Despite my insistence that it really felt like a sinus infection, she warned me that I could be teetering on the verge of pneumonia, mono or any number of other perilous bugs. So, I gamely submitted to a battery of tests and watched my initial $115 investment in bodily health swell with each chest X-ray and blood draw.

In the end, none of the tests turned up conclusive evidence of anything more than a bacterial infection. So, the doctor dispatched a nurse to stick me with a penicillin shot and make sure I didn’t fatally react.

By the time I walked out of that place, through the waiting room filled with crying babies and twisted ankles, I owed the clinic $350. Of course, it could have been more. The doctor provided me with samples of a strong antibiotic at no charge.

Still, I could hardly control the black humor that welled up in me as I smirked and asked for a payment plan. It would be my luck, after all, to land uninsured in the doctor’s office with less than a month to go before work benefits kicked in.

And in that way, I have to consider myself lucky. I know people who play in bands, do art or for whatever reason hold the kinds of jobs that don’t offer health insurance. And, as everyone already knows, paying for it out of your own pocket can be prohibitively expensive.

Of course, not paying for it can be even worse. Who here has heard of Mike Triplett, the owner of now-defunct Go! Studios in Carrboro? Like many twenty-something bohemian types, he relied solely on luck and youth to insure his health.

It didn’t work. He contracted spinal meningitis, spent months in the hospital fighting for his life and won. Now he faces medical bills totaling almost a million dollars.

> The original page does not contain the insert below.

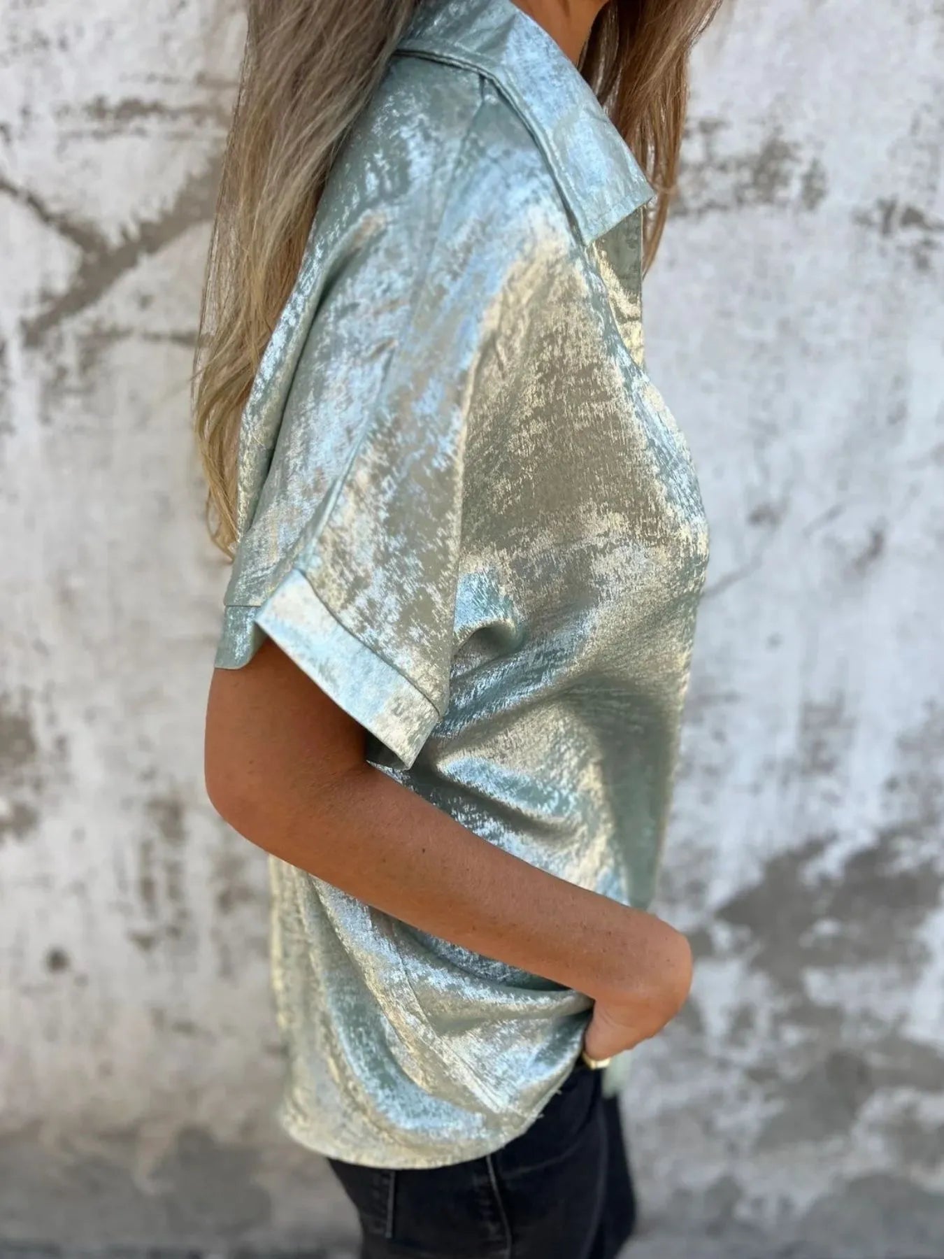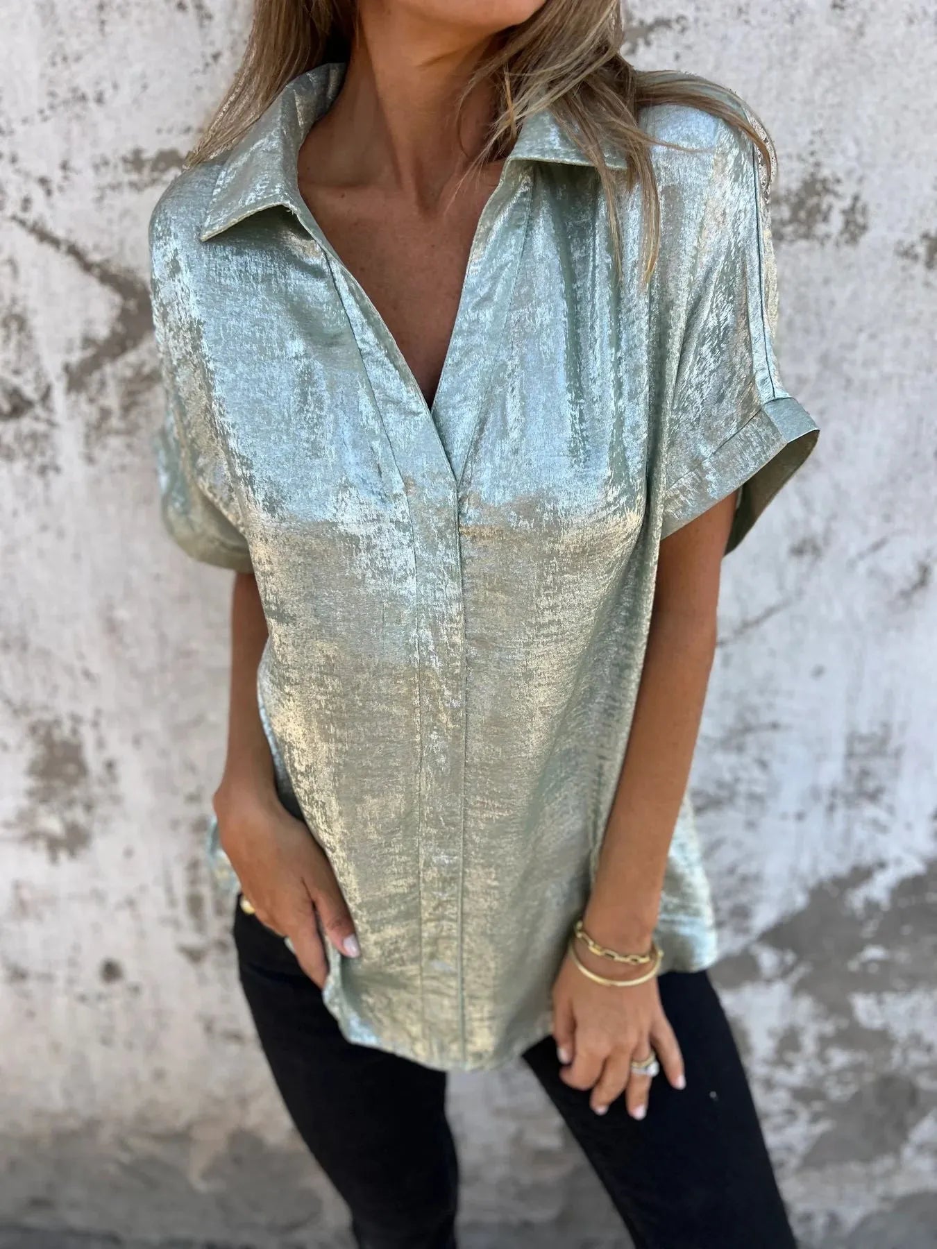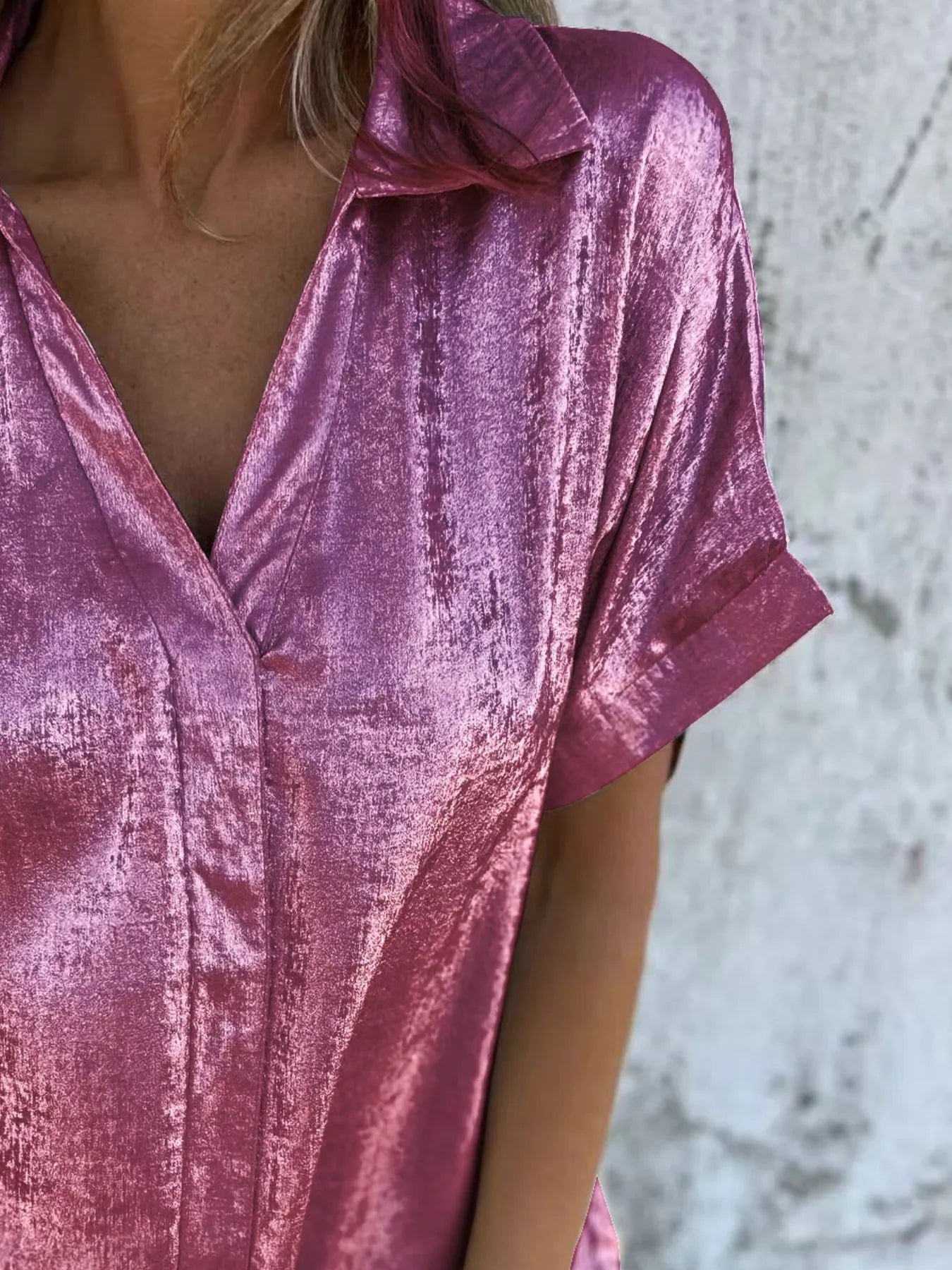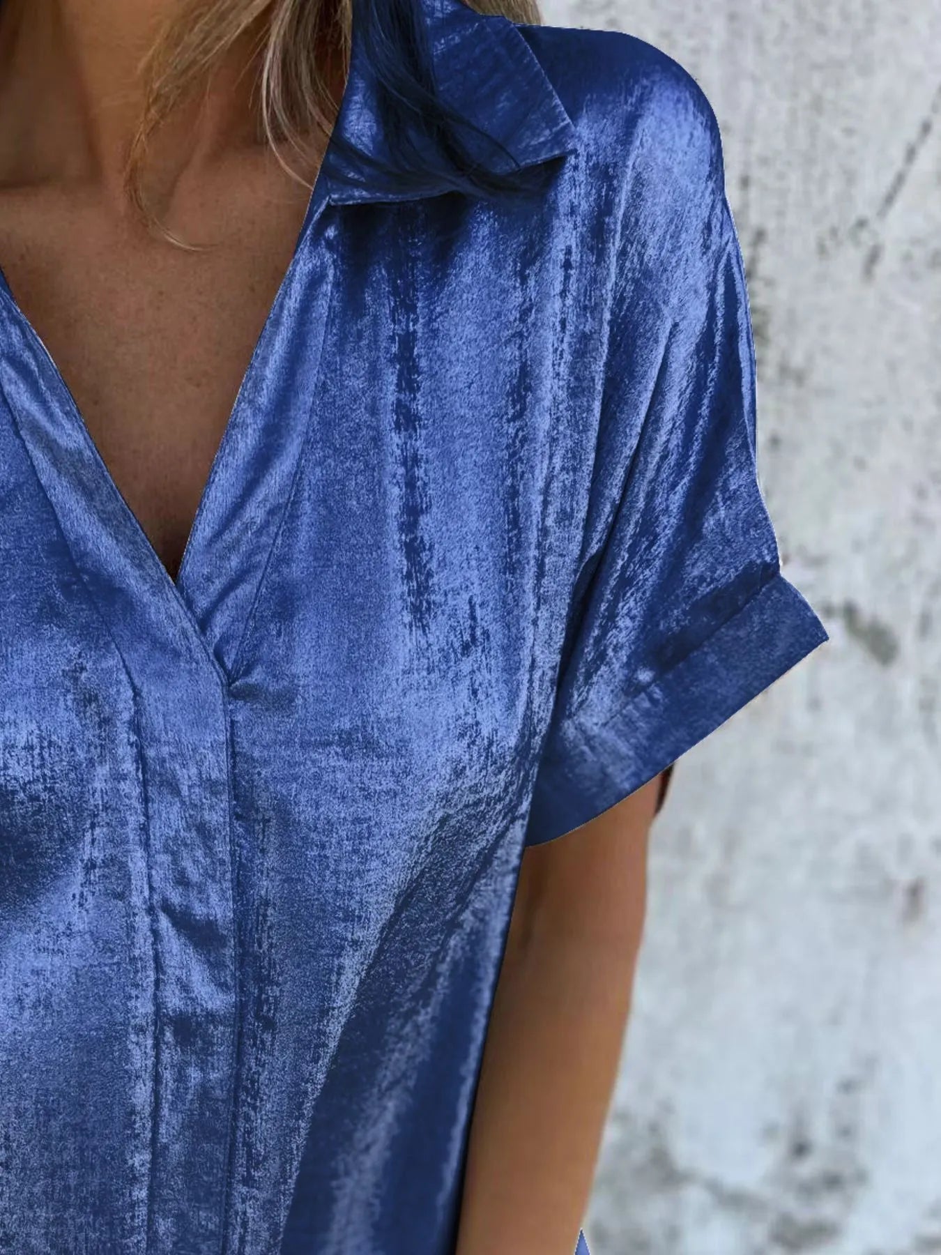 Full Size Collared Neck Short Sleeve Shirt Plus Size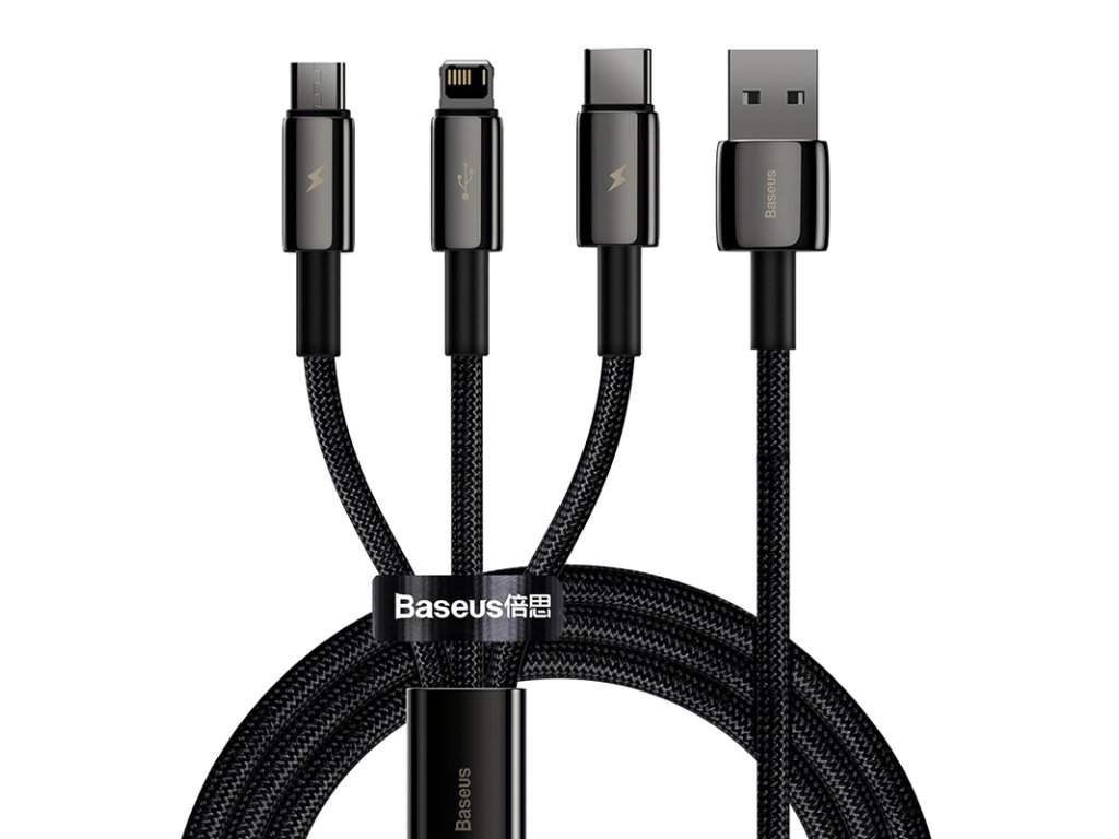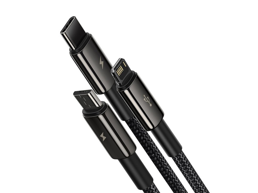 Kabel USB 3v1 Baseus Tungsten Gold, USB na micro USB / USB-C / Lightning, 3,5 A, 1,5 m (černý)

There are plenty of horror stories about elderly Americans who also struggle with rising health costs. When my older sister was completing work for a speech pathology degree, she worked with a patient who suffered a stroke because she couldn’t afford her blood pressure pills.

Now, everyone has heard these stories. Yet we continue to debate nationalized health coverage. I’m not dismissing the other side of the argument, but the urgency of the situation demands that we do something.

Before the implementation of Social Security, some older Americans literally died in the gutter. That program offered a safety net for people too old to work, so they wouldn’t end up completely broke and homeless. It isn’t enough for a comfortable retirement, but it’s something.

We need a similar safety net for medical care. Something so that the poorest among us won’t suffer so much when they get sick. People could still pay for better health insurance, but a minimum would be provided.

I got better, and will likely be insured the next time I get sick. Sure, I ignored some of the doctor’s orders so I could save a few bucks. I didn’t buy the last four days of antibiotic because it would have cost $60 and skipped a second appointment to monitor my recovery.

A week-and-a-half remains until my policy kicks in. Until that time, I will be holed up inside my house, under three blankets wearing at least two layers of clothing. Spare change will go to germ blocking facemasks. It is a small investment to make until that little health insurance card arrives in the mail.